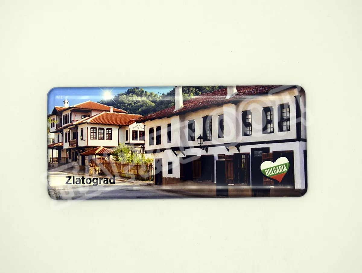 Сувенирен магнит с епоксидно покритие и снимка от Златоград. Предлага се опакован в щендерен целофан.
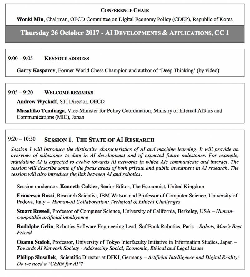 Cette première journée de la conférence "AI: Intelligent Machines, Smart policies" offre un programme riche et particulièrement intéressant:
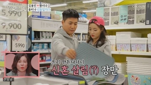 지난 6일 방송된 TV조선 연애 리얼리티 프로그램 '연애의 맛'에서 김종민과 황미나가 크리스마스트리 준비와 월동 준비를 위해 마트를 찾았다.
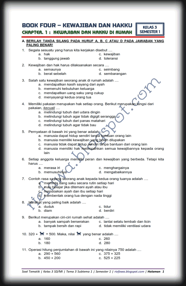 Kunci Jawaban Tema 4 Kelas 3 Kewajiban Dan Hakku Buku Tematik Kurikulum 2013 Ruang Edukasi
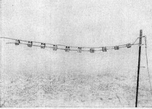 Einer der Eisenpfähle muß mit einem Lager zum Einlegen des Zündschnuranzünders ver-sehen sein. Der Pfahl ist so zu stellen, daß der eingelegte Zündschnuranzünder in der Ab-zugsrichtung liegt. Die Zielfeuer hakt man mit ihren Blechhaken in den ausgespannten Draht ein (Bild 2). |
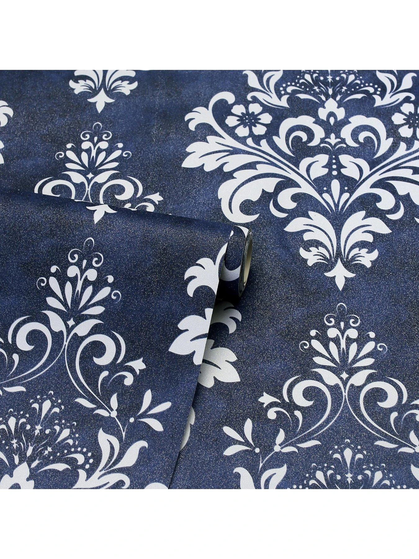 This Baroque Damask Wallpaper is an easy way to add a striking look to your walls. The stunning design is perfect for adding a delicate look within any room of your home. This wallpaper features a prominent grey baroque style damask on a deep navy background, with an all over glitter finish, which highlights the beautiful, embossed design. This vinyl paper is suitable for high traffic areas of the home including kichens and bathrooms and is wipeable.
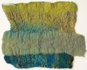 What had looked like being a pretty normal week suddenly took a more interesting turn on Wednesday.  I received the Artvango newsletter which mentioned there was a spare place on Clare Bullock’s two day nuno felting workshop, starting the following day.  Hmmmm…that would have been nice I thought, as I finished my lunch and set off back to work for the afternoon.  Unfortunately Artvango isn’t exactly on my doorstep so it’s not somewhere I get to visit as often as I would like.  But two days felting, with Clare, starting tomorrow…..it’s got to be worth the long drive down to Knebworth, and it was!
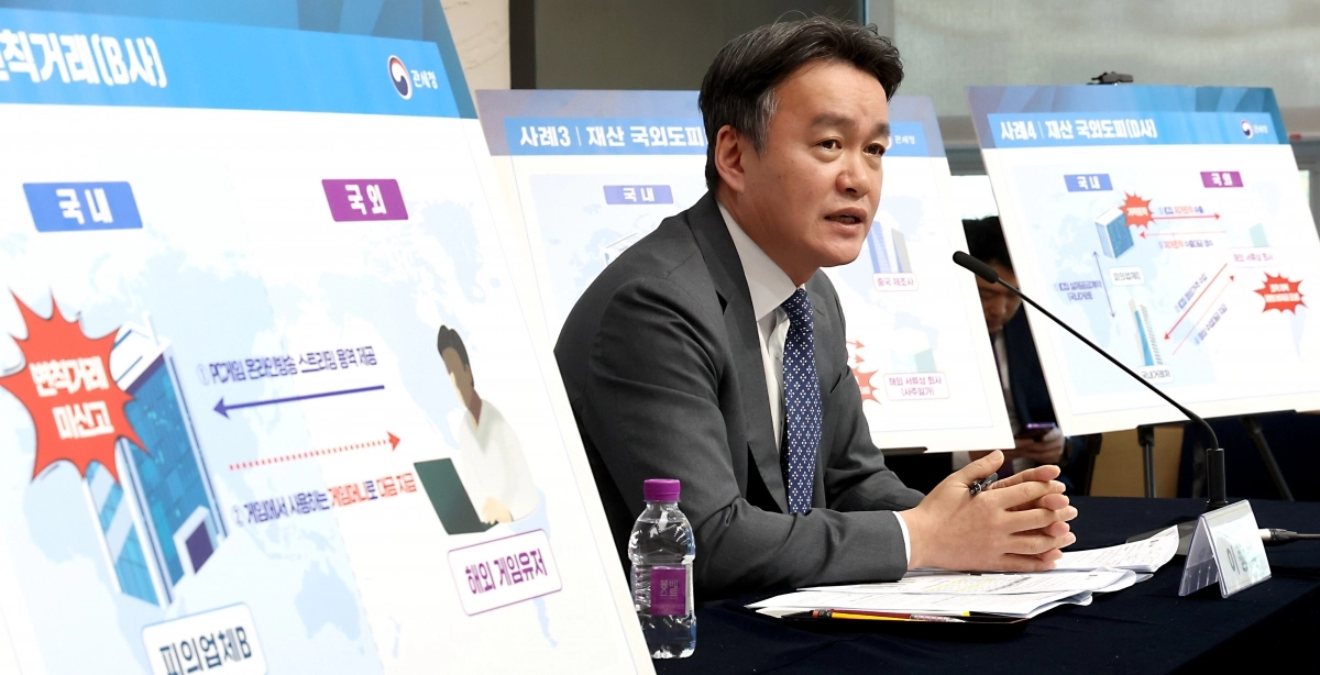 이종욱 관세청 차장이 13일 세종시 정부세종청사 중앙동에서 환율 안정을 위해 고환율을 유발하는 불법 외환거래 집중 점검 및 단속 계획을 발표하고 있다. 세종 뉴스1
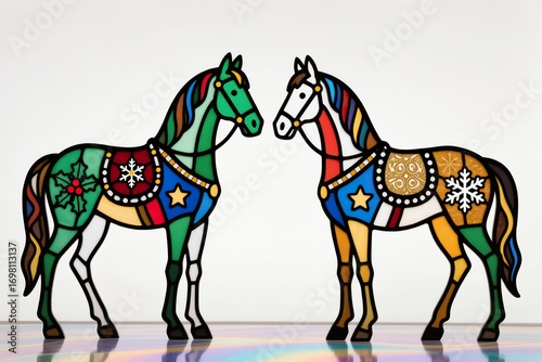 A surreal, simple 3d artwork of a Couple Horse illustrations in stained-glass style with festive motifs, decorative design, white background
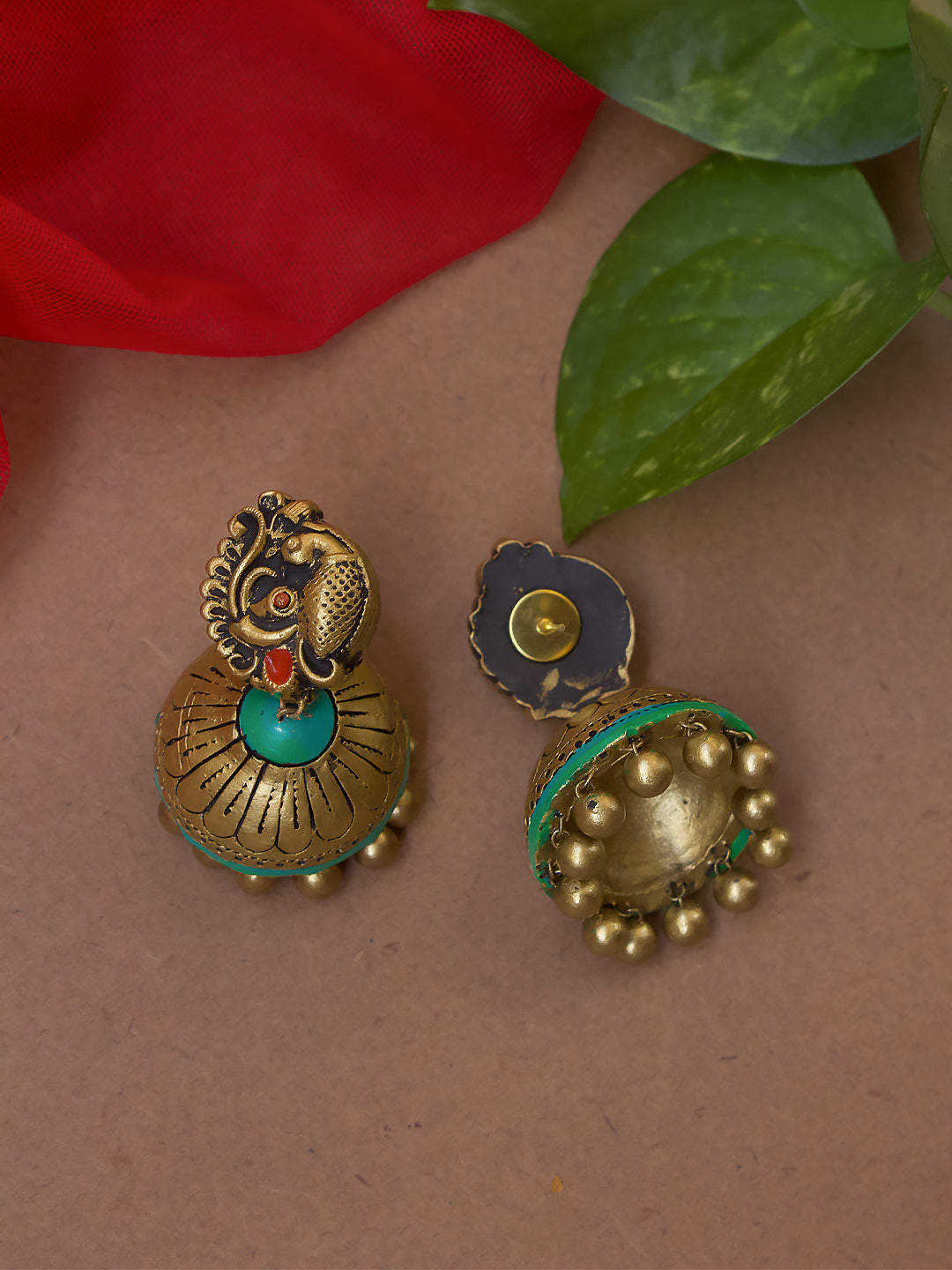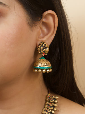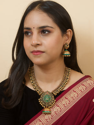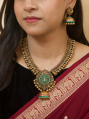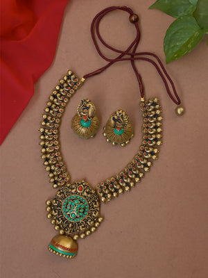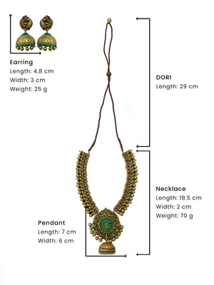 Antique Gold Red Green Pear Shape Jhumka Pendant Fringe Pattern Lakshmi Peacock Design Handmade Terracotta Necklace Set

--------

▶ _ACTIVITY_:
An exact copy of the records above is needed, with the pictures removed.

▶ _TASK OUTPUT_:
 Сувенирен магнит с епоксидно покритие и снимка от Златоград. Предлага се опакован в щендерен целофан.
 Cette première journée de la conférence "AI: Intelligent Machines, Smart policies" offre un programme riche et particulièrement intéressant:
 지난 6일 방송된 TV조선 연애 리얼리티 프로그램 '연애의 맛'에서 김종민과 황미나가 크리스마스트리 준비와 월동 준비를 위해 마트를 찾았다.
 Kunci Jawaban Tema 4 Kelas 3 Kewajiban Dan Hakku Buku Tematik Kurikulum 2013 Ruang Edukasi
 Einer der Eisenpfähle muß mit einem Lager zum Einlegen des Zündschnuranzünders ver-sehen sein. Der Pfahl ist so zu stellen, daß der eingelegte Zündschnuranzünder in der Ab-zugsrichtung liegt. Die Zielfeuer hakt man mit ihren Blechhaken in den ausgespannten Draht ein (Bild 2). |
 This Baroque Damask Wallpaper is an easy way to add a striking look to your walls. The stunning design is perfect for adding a delicate look within any room of your home. This wallpaper features a prominent grey baroque style damask on a deep navy background, with an all over glitter finish, which highlights the beautiful, embossed design. This vinyl paper is suitable for high traffic areas of the home including kichens and bathrooms and is wipeable.
 What had looked like being a pretty normal week suddenly took a more interesting turn on Wednesday.  I received the Artvango newsletter which mentioned there was a spare place on Clare Bullock’s two day nuno felting workshop, starting the following day.  Hmmmm…that would have been nice I thought, as I finished my lunch and set off back to work for the afternoon.  Unfortunately Artvango isn’t exactly on my doorstep so it’s not somewhere I get to visit as often as I would like.  But two days felting, with Clare, starting tomorrow…..it’s got to be worth the long drive down to Knebworth, and it was!
 이종욱 관세청 차장이 13일 세종시 정부세종청사 중앙동에서 환율 안정을 위해 고환율을 유발하는 불법 외환거래 집중 점검 및 단속 계획을 발표하고 있다. 세종 뉴스1
 A surreal, simple 3d artwork of a Couple Horse illustrations in stained-glass style with festive motifs, decorative design, white background
 Antique Gold Red Green Pear Shape Jhumka Pendant Fringe Pattern Lakshmi Peacock Design Handmade Terracotta Necklace Set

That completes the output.